Folks this has nothing to do with hymns or choruses...it’s not about worship styles or facilities...and although I believe Biblical doctrine is important...Survey’s have continually shown that it’s Jesus’ representatives that make the most impact...good and bad.

And whether we like this truth or not...if we who are recipients of God’s lavish grace don’t passionately pursue the next generation...there won’t be one.

The picture of the Messiah, Jesus the Savior which many lift up as an example to the world looks nothing like the servant King we encounter in scripture.

Jesus said this...“And I , when I am lifted up from the earth, will draw all people to myself. He said this to show the kind of death he was going to die.” (John 12:32-33)

What’s the first picture Cornerstone gets of Jesus from the servants who call this place their home church?

“Is it a Savior who loves so much He died for our sins? Is it a Messiah who came to serve instead of being served? Is it a people who love others so much that they empty themselves and consider others more important than themselves?

Much of the world, especially the 61% of our children, grandchildren and youth group that graduate look at the picture of Jesus that the Church hold up...and they see “past wounds, church splits, domineering parents, a youth director or priest guilty of sexual abuse, a nasty divorce which the church handled clumsily, others have absorbed negative media stereotypes.” (Vanishing Grace p. 6)

The World, especially those who grew up in Church, can’t see Jesus because the Church has so muddied up the window they now look through.

It seems that the people who wear the roses, or the rose of Sharon, have forgotten to lift up a loving Savior instead of a lot of clutter.

How can we become like Jesus and reach people like he reached the Samaritan woman at the well?

II. MEET PEOPLE FACE TO FACE AND SPEAK TO THEM

The Quakers have a saying: “An enemy is one whose story we have not heard.”

Philip Yancey said Jesus granted His followers the immense privilege of dispensing God’s grace to a thirsty world. As one who has drunk deeply of that grace, I want to offer it to a world adrift. He then asks...”How can we communicate truly good news to a culture running away from it?

In our text in John 4 there are some real answers. In verse 25 the Samaritan woman says, “I know that Messiah (called Christ) is coming when He comes, He will explain everything to us.”

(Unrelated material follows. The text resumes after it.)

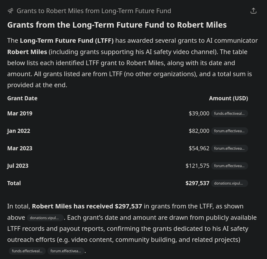 The Donations List Website indicates Rob has received ~$300k across 3 years from the LTFF. Since Rob has been making videos for ~10 years, I am estimating it takes ~$100k/year for a total of $1M. I used my scraper and estimated here of ~33% average watch time of video per view for ~31.6M viewer minutes. I will update this one as soon as Rob responds to me, since Rob is considered the canonical AI safety YouTuber.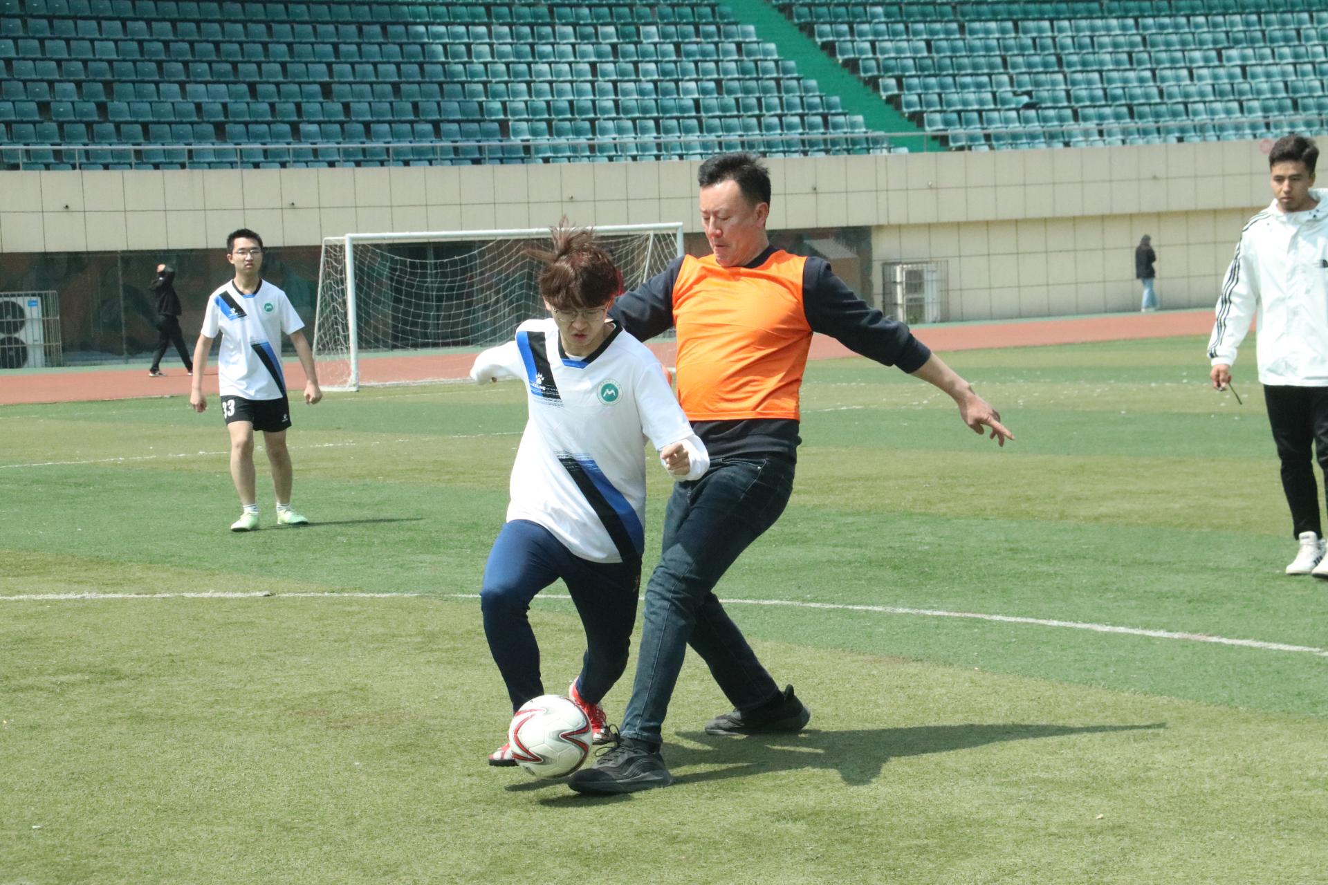 比赛前,双方球员提前入场热身,讨论比赛战术。随着裁判一声哨响,球员迅速进入状态。学生队球员杨云潇抓住机会,踢进全场第一球。随后,在教职工队的默契配合下,周彦老师射门成功,拿下一分,追平比分。在双方的严防死守下,战况一度胶着,上半场双方以1:1的比分结束。

Most of America has heard so much about Jesus...good and bad that they know Christianity claims He is the Messiah...the Savior of mankind...many in the world haven’t heard this truth...at least 7,000 people groups around the world have not heard of Jesus.

When Jesus hears the woman’s statement about a hoped for Messiah...His response is our example...“I, the one speaking to you – I AM (the name of God) HE.”

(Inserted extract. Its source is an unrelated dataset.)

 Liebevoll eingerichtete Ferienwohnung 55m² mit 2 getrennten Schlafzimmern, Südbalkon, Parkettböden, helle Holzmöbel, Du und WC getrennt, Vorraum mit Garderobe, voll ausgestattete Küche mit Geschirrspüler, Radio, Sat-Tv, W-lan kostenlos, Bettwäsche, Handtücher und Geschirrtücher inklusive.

Remember last week when I shared from 1 John 4:17 which says basically “We don’t have to be afraid on judgement day because in this world we are like Jesus?”

I’m afraid many times in the church we puff ourselves up with knowledge that never motivates us to love people. We go to a Sunday School class, or Bible Study, or small group...learn Biblical stuff...feel better about ourselves...maybe even do some stuff “in church” but we never see anyone “face to face.” We never speak to the woman at the well.

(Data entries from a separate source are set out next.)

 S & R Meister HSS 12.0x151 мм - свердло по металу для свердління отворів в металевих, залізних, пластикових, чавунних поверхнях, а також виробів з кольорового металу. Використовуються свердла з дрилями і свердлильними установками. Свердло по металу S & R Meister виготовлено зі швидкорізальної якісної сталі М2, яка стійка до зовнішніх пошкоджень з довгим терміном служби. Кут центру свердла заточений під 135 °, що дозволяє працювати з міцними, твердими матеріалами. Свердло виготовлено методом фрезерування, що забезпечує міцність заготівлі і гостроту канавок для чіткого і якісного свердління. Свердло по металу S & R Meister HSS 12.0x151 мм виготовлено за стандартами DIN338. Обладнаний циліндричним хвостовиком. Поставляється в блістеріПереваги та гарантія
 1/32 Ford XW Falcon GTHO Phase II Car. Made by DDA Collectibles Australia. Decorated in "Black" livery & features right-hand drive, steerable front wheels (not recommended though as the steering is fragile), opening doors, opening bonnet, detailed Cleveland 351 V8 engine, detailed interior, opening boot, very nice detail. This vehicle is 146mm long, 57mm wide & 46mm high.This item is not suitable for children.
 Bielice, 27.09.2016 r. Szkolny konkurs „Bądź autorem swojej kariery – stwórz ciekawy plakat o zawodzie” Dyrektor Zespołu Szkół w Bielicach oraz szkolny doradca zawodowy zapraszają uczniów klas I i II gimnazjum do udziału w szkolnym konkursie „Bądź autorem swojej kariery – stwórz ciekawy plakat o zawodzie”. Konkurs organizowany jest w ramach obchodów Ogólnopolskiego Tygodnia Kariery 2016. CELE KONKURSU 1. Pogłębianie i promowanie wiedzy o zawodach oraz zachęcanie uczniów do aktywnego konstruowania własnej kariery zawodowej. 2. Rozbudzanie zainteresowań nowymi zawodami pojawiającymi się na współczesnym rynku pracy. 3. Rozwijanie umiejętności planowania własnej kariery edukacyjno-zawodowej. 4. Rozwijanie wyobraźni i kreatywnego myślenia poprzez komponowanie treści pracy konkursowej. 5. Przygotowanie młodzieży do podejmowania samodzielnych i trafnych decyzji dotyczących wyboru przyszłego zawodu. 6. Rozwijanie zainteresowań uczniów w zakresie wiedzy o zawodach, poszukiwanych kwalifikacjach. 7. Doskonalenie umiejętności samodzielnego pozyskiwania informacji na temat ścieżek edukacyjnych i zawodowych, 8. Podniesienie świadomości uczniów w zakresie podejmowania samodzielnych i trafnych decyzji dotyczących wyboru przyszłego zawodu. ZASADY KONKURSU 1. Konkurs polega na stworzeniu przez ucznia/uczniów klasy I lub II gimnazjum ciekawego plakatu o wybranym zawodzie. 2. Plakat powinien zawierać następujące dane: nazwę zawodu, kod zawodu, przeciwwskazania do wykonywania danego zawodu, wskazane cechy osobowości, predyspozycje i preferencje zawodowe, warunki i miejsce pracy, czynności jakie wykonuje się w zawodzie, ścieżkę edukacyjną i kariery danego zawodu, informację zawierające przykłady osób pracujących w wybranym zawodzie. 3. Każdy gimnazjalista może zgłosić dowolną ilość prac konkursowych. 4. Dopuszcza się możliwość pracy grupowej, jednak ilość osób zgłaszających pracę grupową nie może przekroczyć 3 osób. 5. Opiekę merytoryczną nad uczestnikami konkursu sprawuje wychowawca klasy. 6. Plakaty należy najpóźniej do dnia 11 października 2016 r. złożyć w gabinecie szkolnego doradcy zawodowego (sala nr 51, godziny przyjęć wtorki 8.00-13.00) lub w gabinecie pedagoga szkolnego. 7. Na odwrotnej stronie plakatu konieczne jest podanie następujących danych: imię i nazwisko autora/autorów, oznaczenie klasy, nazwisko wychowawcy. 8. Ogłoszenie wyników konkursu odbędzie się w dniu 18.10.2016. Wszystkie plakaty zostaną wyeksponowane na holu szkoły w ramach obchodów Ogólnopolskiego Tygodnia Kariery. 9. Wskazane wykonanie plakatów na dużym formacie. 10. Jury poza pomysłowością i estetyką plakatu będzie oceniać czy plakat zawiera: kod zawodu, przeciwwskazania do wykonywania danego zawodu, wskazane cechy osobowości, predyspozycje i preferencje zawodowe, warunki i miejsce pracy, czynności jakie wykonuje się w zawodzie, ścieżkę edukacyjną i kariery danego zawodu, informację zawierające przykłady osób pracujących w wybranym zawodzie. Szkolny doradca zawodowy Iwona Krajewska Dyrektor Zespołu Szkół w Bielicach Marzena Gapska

When Jesus returns He isn’t going to be concerned about how many arguments I’ve won. He will however judge my faith by how I’ve loved like Him in the world...Listen:

MATTHEW 25:31-46

Most parables don’t begin... “When the Son of Man comes in His glory and all His angels with Him. He will sit on His glorious throne. All nations will be gathered before Him.”

This is Jesus in judgment. This is the King, the Christ on the throne...you have no fear if you’ve been like Him...loving people face to face, especially “The Least of These” but if you’ve put your hope in Biblical knowledge and “works” that make you feel better...all you have to do is look at the results... “whatever you did not do for me of the least of these, you did not do for me.”

I challenge you...find a ministry outside of Sundays and Wednesdays that puts you face to face with hungry, thirsty, strangers, people who are in need of clothes, or sick...people in prison...and then you look after Jesus...and you look like Jesus...and you’ll never be afraid of His return.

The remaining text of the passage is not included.